[cfe-dev] [PATCH] C++0x unicode string and character literals now with test cases

Sun Jul 31 01:30:26 PDT 2011

On Sun, Jul 31, 2011 at 12:58 AM, Sean Hunt <scshunt at csclub.uwaterloo.ca> wrote:
> On Sun, Jul 31, 2011 at 00:48, Eli Friedman <eli.friedman at gmail.com> wrote:>
> So I've got a couple questions.
>>
>> >
>> > Is the lexer really the appropriate place to be doing this? Originally
>> > CodeGenModule::GetStringForStringLiteral seemed like the thing I should be
>> > modifying, but I discovered that the string literal's bytes had already been
>> > zero extended by the time it got there. Would it be reasonable for the
>> > StringLiteralParser to just produce a UTF-8 encoded internal representation
>> > of the string and leave producing the final representation until later?
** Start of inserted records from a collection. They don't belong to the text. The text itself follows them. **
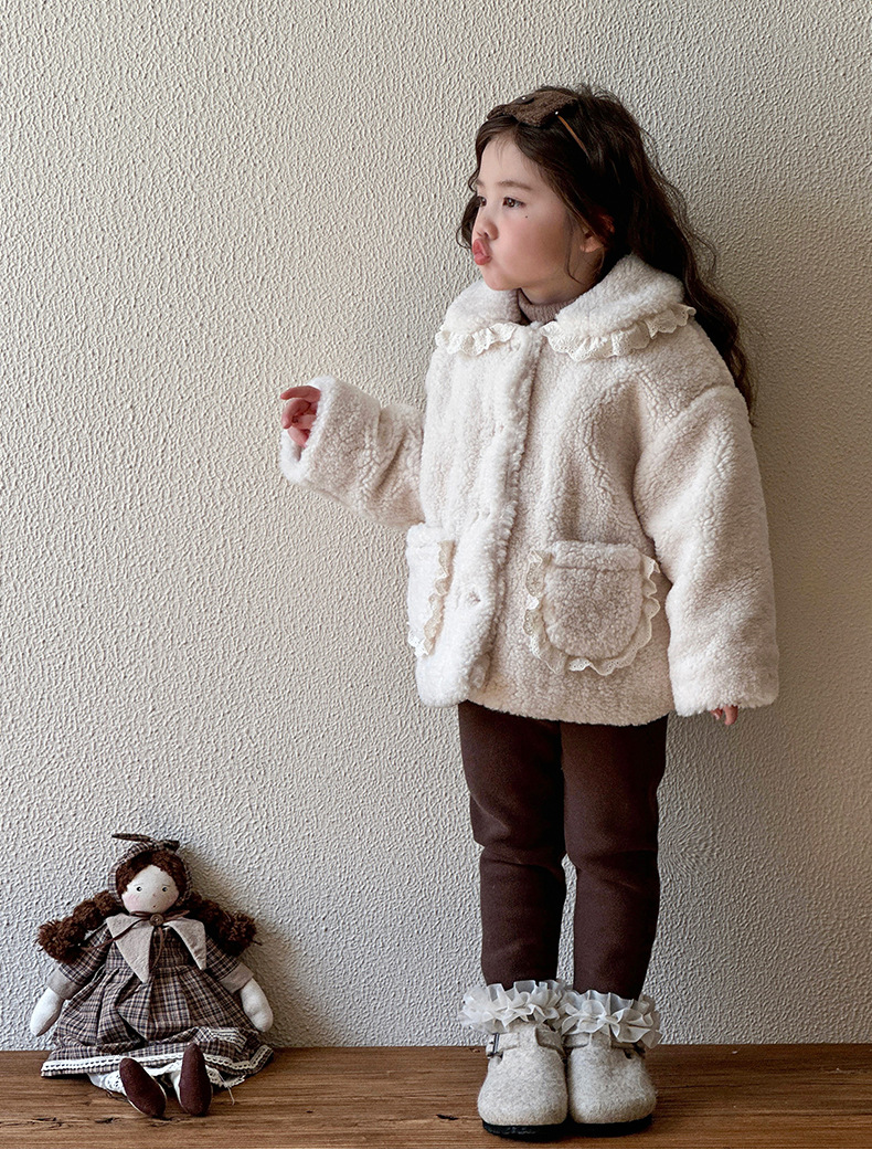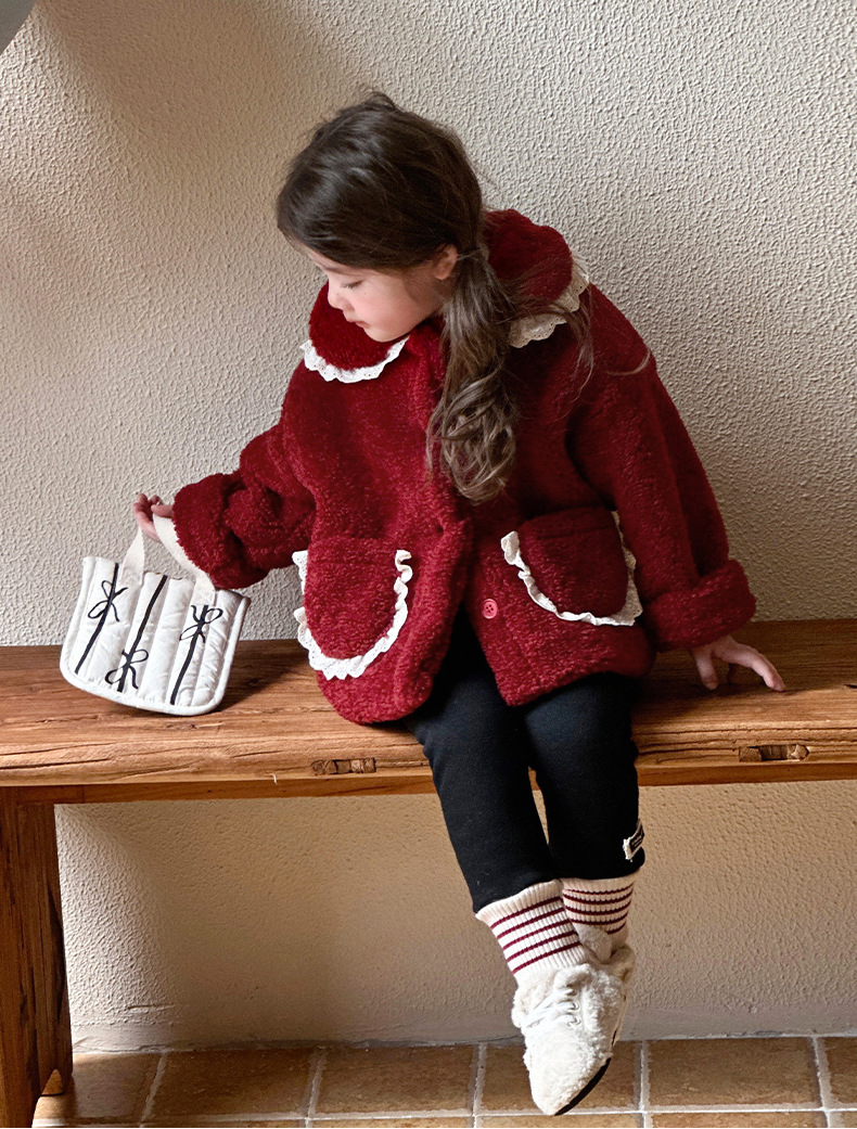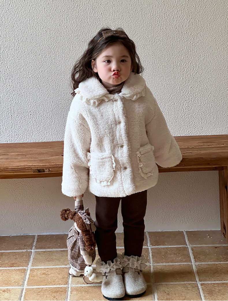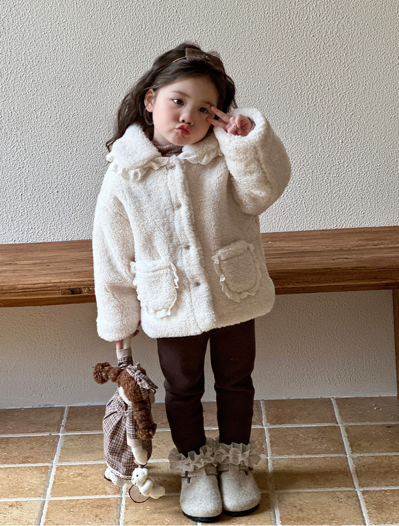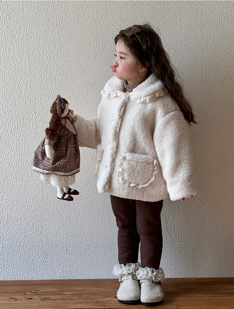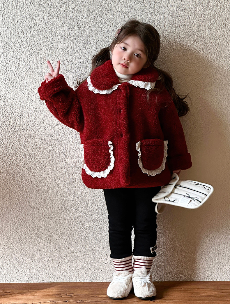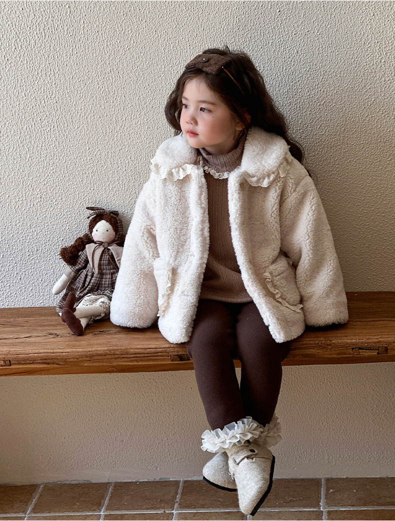 소녀 코트 2023 가을과 겨울 새로운 어린이 서양식 따뜻한 양고기 벨벳 아기 소녀의 겨울 두꺼운 모직 스웨터스토어 가기
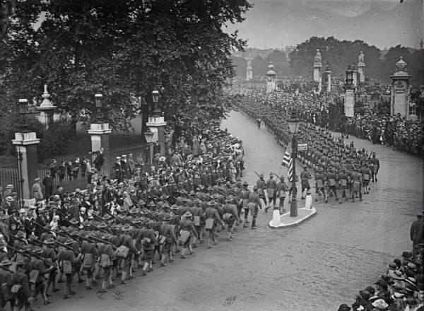 Колона американських військ проходить повз Букінгемський палац у Лондоні, 1917 рік. Фото wikipediaАмерика долучається до війни або «Лафайєте, ми тут!»
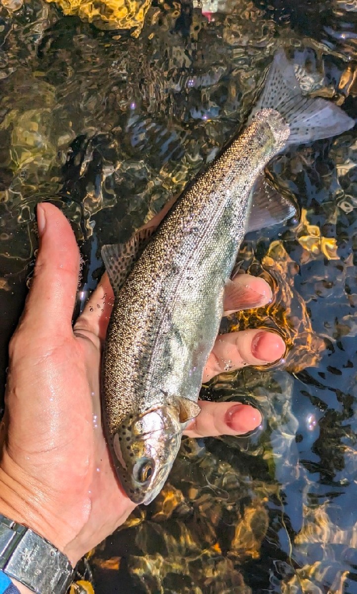 19センチのニジマスがヒット。程良く魚影はありますが、なかなか思ったような良型が釣れません。
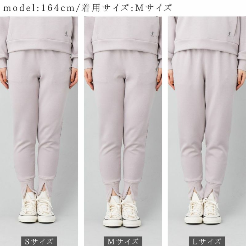 裾の中心に深めのスリットをあしらい、シンプルなスウェットパンツに洗練された抜け感をプラスしました。
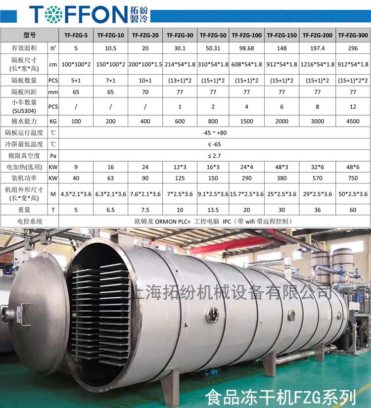 上海拓紛廠家食品級生產(chǎn)型凍干機型號TF-FZG-5(5平方米

I
>> > think the main complication with that is that I'll have to encode UCNs with
>> > their UTF-8 representation.
>>
>> Given the possibility of character escapes which can't be represented
>> in UTF-8, I'm not sure we can...
>
> What possibility is this? \UFFFFFFFF is far from valid, and no other
> character escape can get anywhere near that high.

L"\xFFFFFFFF" is allowed, though...

-Eli